Lake Monroe’s Watershed & Hoosier National Forest: Defining “Public Good”

By Sherry Mitchell-Bruker

Some say that Lake Monroe is fortunate because 82% of the watershed is forested and 43% of those forests are under state and federal management.

But what happens if both the state and the U.S. Forest Service aggressively harvest in the watershed? This is the issue we are now facing. Of the 24% of the watershed that is state forest (Morgan-Monroe and Yellowwood), logging projects are completed, planned or ongoing in both.

Until recently, the Forest Service had refrained from large logging projects within the watershed. That is now changing.

Timber harvesting in the Hoosier National Forest (H.N.F.) has increased from 3,868 cunits (100 cubic feet or C.C.F.) in 2011 to 7,444 cunits in 2014. In 2016 the 38-acre Buffalo Pike project was completed under a Categorical Exclusion, meaning no public review was required under the National Environmental Policy Act (NEPA). Although the record of decision for Buffalo Pike stated that the project was not in the Lake Monroe watershed, in fact the entire project was in the South Fork Salt Creek basin, which is the most impaired section of the Lake Monroe watershed. Now the Forest Service is planning a 4,000-acre logging project called Houston South, which is also in the South Fork part of the Lake Monroe watershed. The Forest Service manages 42% of the land in the South Fork section of the watershed.

The proposed Houston South project includes 417 acres of clear-cut logging, 714 acres shelterwood harvest, 2,342 acres of hardwood thinning, 96 acres of pine thinning and 435 acres of hardwood selection. Most of the area is steeply sloped with highly erodible soils. The project is in the early planning stages and will most likely change as new information and analysis is provided. According to the 2006 management plan for the H.N.F., habitat in this area is best suited for wildlife that uses large hardwood trees and a mosaic of different-aged forest. The plan said restoring wetlands should be the highest priority to maintain and restore watershed health.

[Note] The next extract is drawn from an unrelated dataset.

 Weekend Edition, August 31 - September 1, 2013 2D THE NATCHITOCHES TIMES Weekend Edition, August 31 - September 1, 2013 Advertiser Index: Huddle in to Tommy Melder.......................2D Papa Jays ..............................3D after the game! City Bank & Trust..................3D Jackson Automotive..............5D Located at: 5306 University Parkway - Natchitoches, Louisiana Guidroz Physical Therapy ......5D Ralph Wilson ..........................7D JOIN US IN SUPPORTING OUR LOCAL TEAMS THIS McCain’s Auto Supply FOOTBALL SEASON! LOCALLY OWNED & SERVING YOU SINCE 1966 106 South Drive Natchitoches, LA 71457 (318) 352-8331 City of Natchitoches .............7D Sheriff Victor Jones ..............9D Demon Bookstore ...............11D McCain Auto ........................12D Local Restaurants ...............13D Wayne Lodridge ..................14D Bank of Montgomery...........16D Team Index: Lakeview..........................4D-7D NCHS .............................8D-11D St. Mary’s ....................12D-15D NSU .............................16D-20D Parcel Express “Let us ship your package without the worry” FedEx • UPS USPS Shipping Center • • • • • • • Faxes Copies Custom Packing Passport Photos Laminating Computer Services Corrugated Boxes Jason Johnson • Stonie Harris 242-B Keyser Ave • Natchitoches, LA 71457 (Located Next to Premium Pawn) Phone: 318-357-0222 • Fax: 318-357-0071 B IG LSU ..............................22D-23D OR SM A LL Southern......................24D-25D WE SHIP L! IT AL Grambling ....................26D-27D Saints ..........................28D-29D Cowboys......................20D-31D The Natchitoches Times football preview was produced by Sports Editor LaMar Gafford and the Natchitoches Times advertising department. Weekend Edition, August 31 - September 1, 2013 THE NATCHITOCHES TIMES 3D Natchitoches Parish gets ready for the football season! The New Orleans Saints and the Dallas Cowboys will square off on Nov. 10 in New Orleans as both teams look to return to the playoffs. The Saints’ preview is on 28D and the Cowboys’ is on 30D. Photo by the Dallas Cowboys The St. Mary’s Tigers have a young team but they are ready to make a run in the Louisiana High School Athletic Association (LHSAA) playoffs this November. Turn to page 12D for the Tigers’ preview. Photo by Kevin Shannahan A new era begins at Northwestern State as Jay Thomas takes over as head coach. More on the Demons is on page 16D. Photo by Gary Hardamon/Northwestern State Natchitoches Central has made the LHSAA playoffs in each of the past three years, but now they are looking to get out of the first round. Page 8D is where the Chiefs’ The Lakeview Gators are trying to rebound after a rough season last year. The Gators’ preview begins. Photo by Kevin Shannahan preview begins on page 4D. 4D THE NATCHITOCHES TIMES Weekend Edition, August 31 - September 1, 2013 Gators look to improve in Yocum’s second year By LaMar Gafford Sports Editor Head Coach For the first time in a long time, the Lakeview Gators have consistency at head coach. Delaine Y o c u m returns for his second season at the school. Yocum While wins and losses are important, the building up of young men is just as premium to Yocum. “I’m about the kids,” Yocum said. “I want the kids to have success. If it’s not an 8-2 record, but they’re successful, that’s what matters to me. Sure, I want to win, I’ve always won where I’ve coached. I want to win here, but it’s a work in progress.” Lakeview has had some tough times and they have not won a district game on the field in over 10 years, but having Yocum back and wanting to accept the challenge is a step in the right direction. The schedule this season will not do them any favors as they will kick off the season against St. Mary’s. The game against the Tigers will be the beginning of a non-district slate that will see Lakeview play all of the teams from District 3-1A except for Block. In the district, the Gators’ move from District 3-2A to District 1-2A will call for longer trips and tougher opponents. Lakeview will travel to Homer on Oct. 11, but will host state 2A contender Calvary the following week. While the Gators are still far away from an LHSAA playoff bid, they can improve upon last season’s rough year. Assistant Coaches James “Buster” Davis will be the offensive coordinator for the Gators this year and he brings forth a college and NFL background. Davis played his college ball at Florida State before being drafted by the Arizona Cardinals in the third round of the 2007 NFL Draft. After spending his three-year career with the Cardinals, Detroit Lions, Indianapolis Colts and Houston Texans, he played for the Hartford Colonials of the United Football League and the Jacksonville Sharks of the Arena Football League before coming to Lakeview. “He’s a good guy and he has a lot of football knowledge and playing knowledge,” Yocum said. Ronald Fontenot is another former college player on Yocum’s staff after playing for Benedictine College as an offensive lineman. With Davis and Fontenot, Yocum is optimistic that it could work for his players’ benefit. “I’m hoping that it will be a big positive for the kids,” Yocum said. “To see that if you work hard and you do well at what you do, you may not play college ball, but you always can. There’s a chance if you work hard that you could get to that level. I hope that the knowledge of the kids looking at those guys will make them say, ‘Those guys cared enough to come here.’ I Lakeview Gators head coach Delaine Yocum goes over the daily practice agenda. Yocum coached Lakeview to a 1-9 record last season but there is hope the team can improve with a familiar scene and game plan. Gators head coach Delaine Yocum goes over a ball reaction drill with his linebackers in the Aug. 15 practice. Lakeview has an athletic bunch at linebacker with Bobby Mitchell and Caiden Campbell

Friends of Lake Monroe is a local group dedicated to finding solutions to improve the water quality of Lake Monroe and its watershed, enhancing its value as a drinking-water, recreational, and ecological resource. We envision a regional community that appreciates, sustains, and enjoys the lake, including its larger surrounding ecosystems, to ensure drinkable, swimmable, and fishable waters.

We have worked with various environmental and governmental organizations, including the Forest Service, to obtain funding to develop a management plan for the watershed. We are working to reduce nutrient and sediments in the streams and the lake. We are asking all of the land managers and residents in the watershed to play their part. Harvesting timber on 4,000 acres risks an increase in soil erosion, which is moving in the opposite direction.

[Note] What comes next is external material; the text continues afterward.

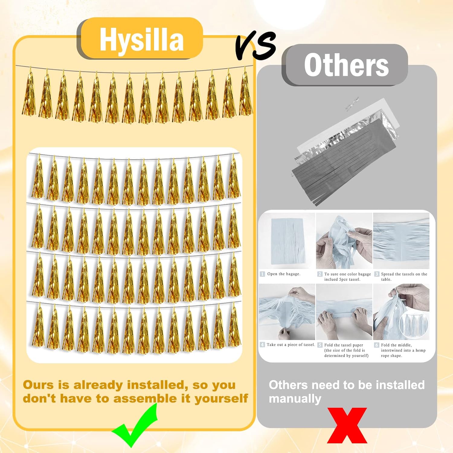 • 【Applicable Occasions】you can use the gold tinsel fringe garlands to decorate a classroom, the stage for a school program, a homecoming float, a wedding decoration, a birthday party, a baby shower, Halloween, Christmas, new year's Eve, a housewarming party, a bachelorette party, an anniversary Memorial, Hollywood Party, Independence Day, Carnival Party, Bridal Shower, Graduation and more.

The watershed is large—more than 270,000 acres. The Forest Service manages 50,870 of those acres, or almost 20%. Not only are management decisions made by the Forest Service crucial to water quality in the lake and watershed; they are also the example that is set for the rest of those who live in the watershed. Small sediment and nutrient contributions throughout the watershed lead to large impacts on the lake. Each year harmful algae blooms appear on the lake, fueled by sediment and nutrients that come from the watershed and the lake itself.

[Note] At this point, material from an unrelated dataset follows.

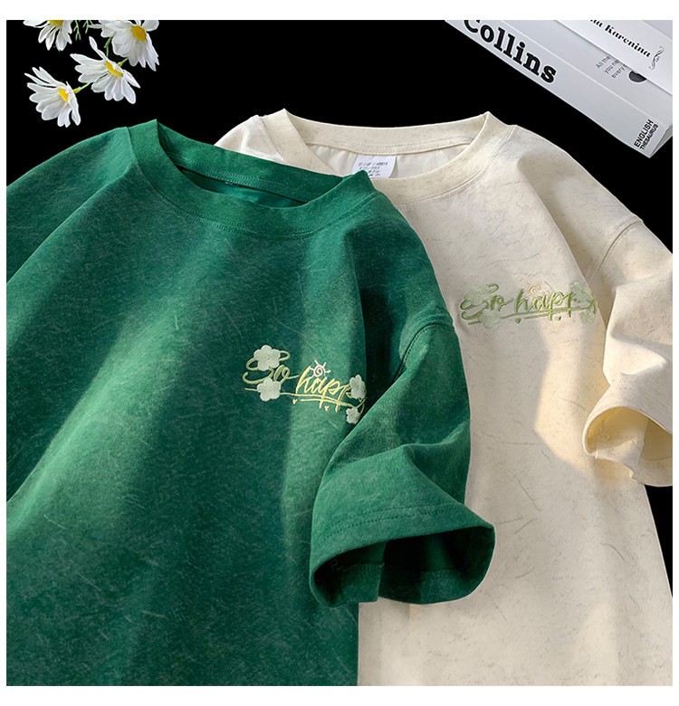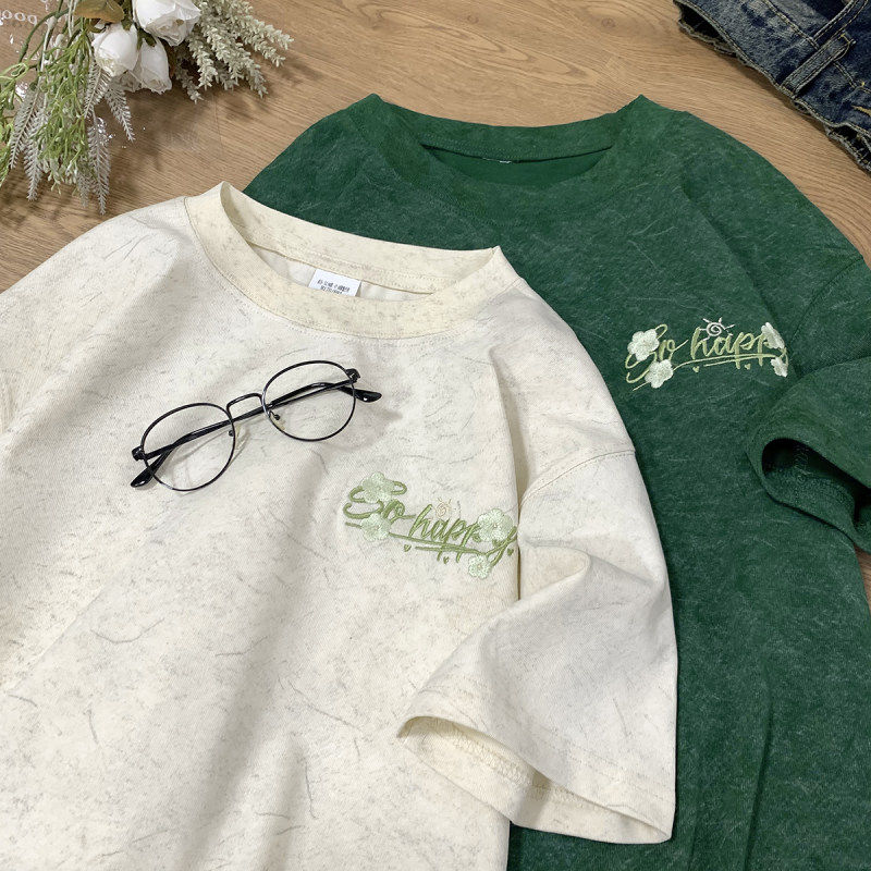 Летняя ретро футболка, короткий рукав, оверсайз, в американском стиле, с вышивкой

In southern Indiana in the 1800s and early 1900s, homesteaders denuded areas with steep slopes by logging and failed agricultural efforts, then abandoned them. Waterways were choked with eroded soil. The national and state forests were established to restore these lands, abating the erosion that had left many bare or gullied hillsides. Over the years the mission of the Forest Service has expanded beyond soil and water protection to include outdoor recreation, range, timber, wildlife and fish, threatened and endangered species, and wilderness as resources to manage. As stewards of public lands, it is the responsibility of the Forest Service to manage these public lands for the public good. So, what does the public think? Polls conducted in various regions across the nation over the past 30 years clearly show that the overwhelming majority of the public opposes logging in national forests.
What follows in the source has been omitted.